The officer testified under oath why he suspected some drivers were involved in criminal activity. He said he suspected Puerto Rican drivers or passengers from New York stopped during the middle of the week and who seemed nervous when questioned.
Most of those who surrendered money were carrying smaller sums than was Agostini, according to the suit. And most were black or Latino, according to the ACLU's Mukherjee. From 2006 to 2008, officers seized at least $3 million from more than 140 cases, according to the ACLU.
The U.S. Justice Department is investigating, said Mukherjee.
In 2011, Texas changed its forfeiture and seizure laws as a result of news reports about Highway 59. Law enforcement agencies must now account for every cent collected though a seizure or property sale. And law enforcement agencies cannot use the funds to boost officer salaries or to pay bonuses without the permission of an elected body.

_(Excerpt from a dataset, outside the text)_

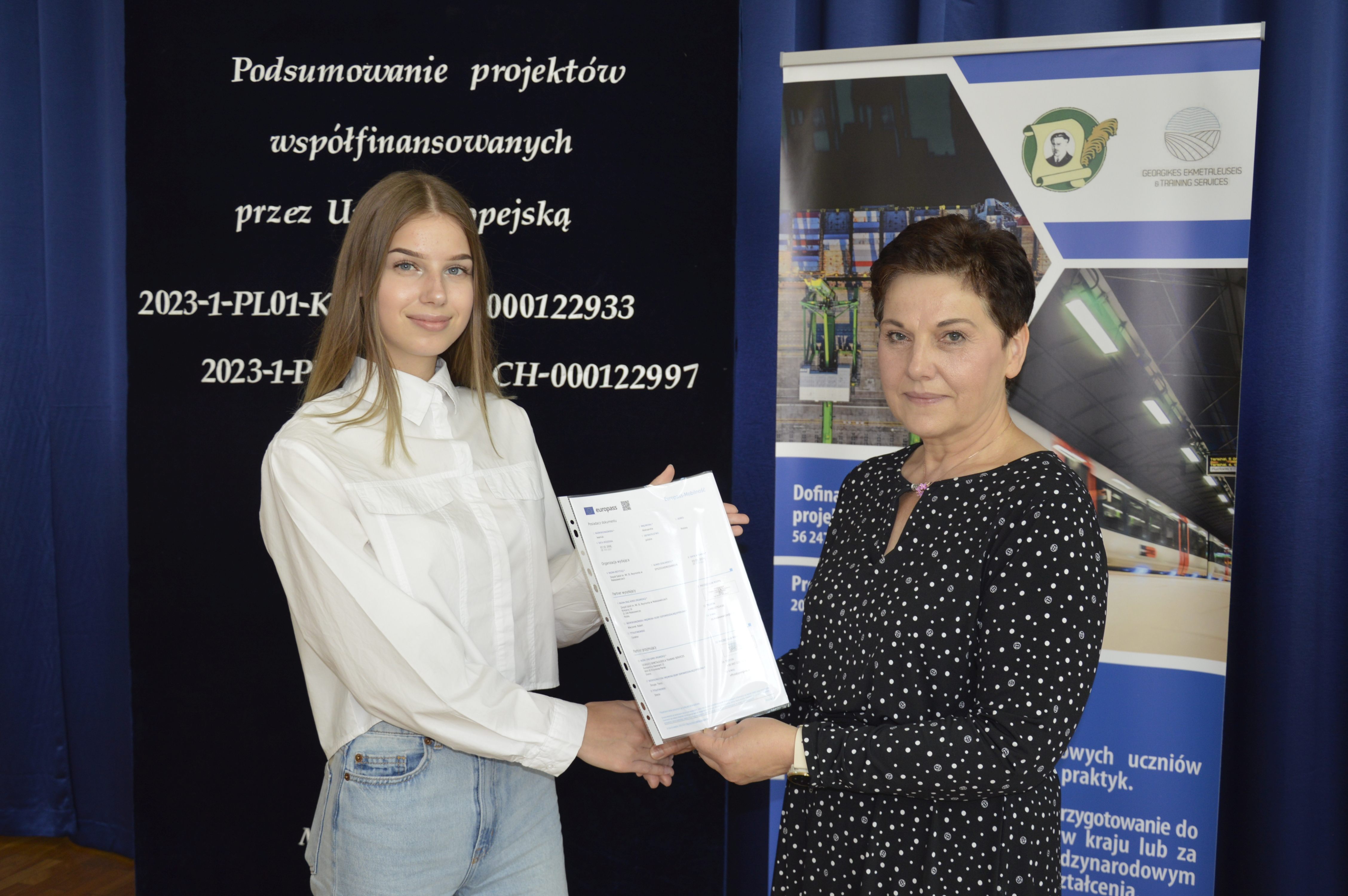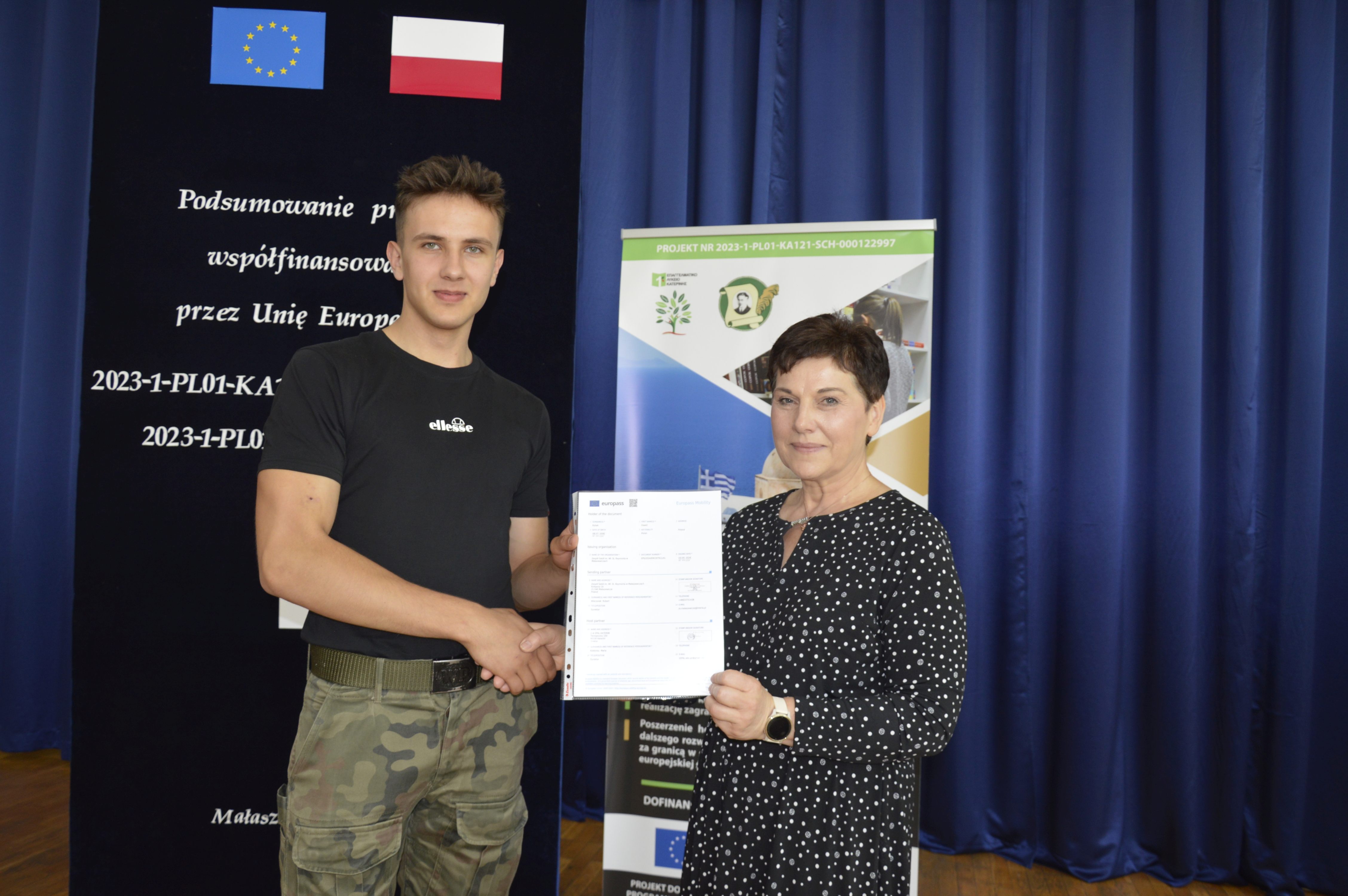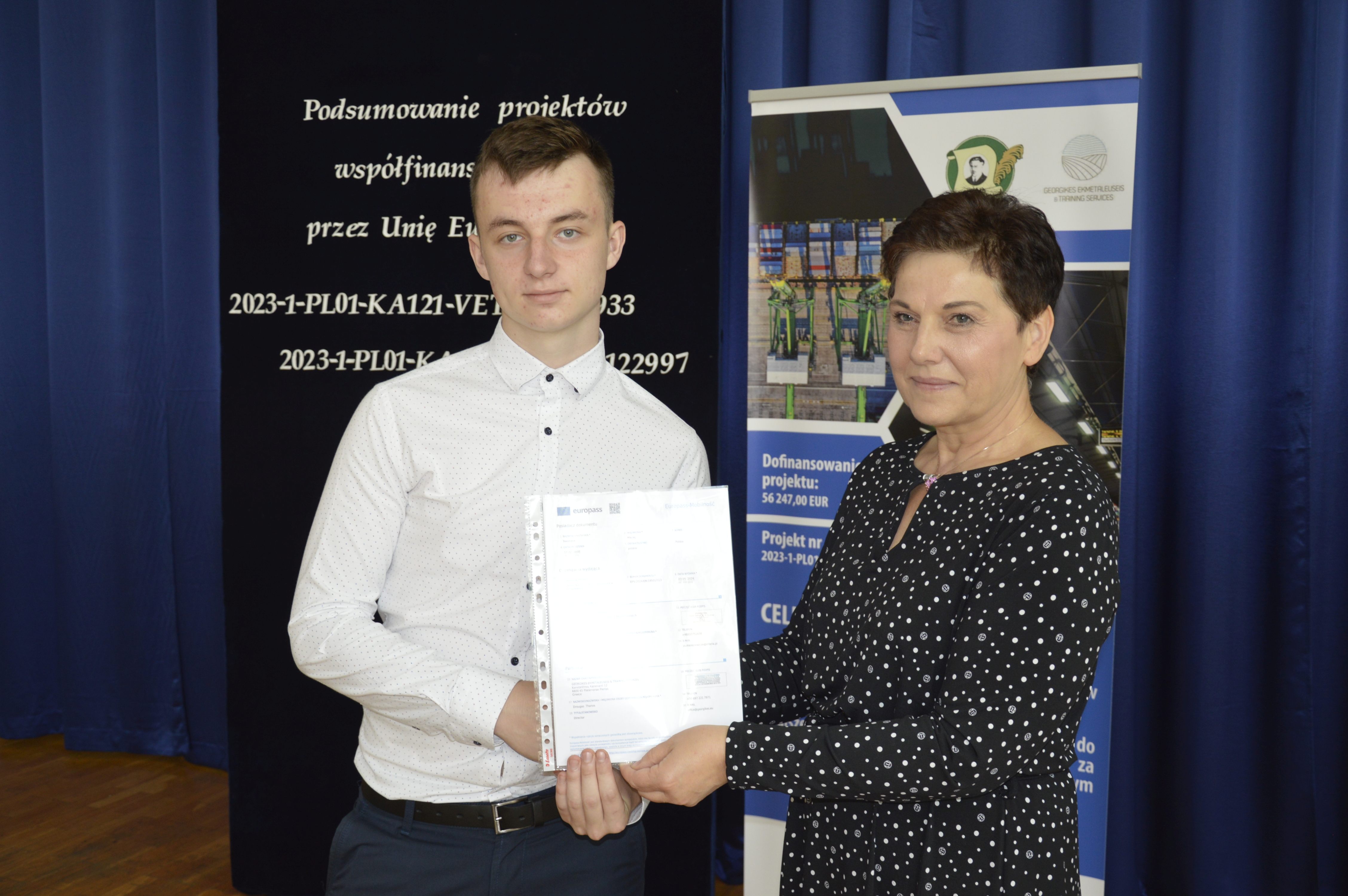 Zarówno zajęcia kulturowo-językowe licealistów, jak i staże młodych techników oraz szkolenia kadry były bardzo wartościowe, ponieważ dostarczyły wielu pozytywnych wrażeń i nowych doświadczeń – o czym wspominano na podsumowaniu obu wyjazdów, które miało miejsce 21 czerwca 2024 r. Na spotkaniu tym uczniowie jeszcze raz podzielili się przeżyciami, pochwalili osiągnięciami oraz powrócili myślami do tych wspaniałych chwil i przygód. Dokonali także ewaluacji projektów. Na zakończenie Pani Wicedyrektor Jolanta Wałach wręczyła młodzieży certyfikaty oraz dokumenty Europass potwierdzające odbycie zagranicznych wyjazdów i staży. Europass to obecnie bardzo ważny dokument o znaczeniu międzynarodowym, a łącznie z certyfikatem jest czytelnym i przejrzystym poświadczeniem zdobytych umiejętności i kompetencji we wszystkich krajach Unii Europejskiej.

There were other instances of asset forfeiture abuses in Texas before the law was changed, the ACLU said. The district attorney's office in Montgomery County used seized money to buy a margarita machine that prosecutors used at the county fair, winning a prize for best margarita. And former Kimble County D.A. Ron Sutton used asset-forfeiture funds to take his entire staff, a district judge and their spouses on a trip to Hawaii. Sutton pleaded guilty in 2010 to felony charges of misusing funds.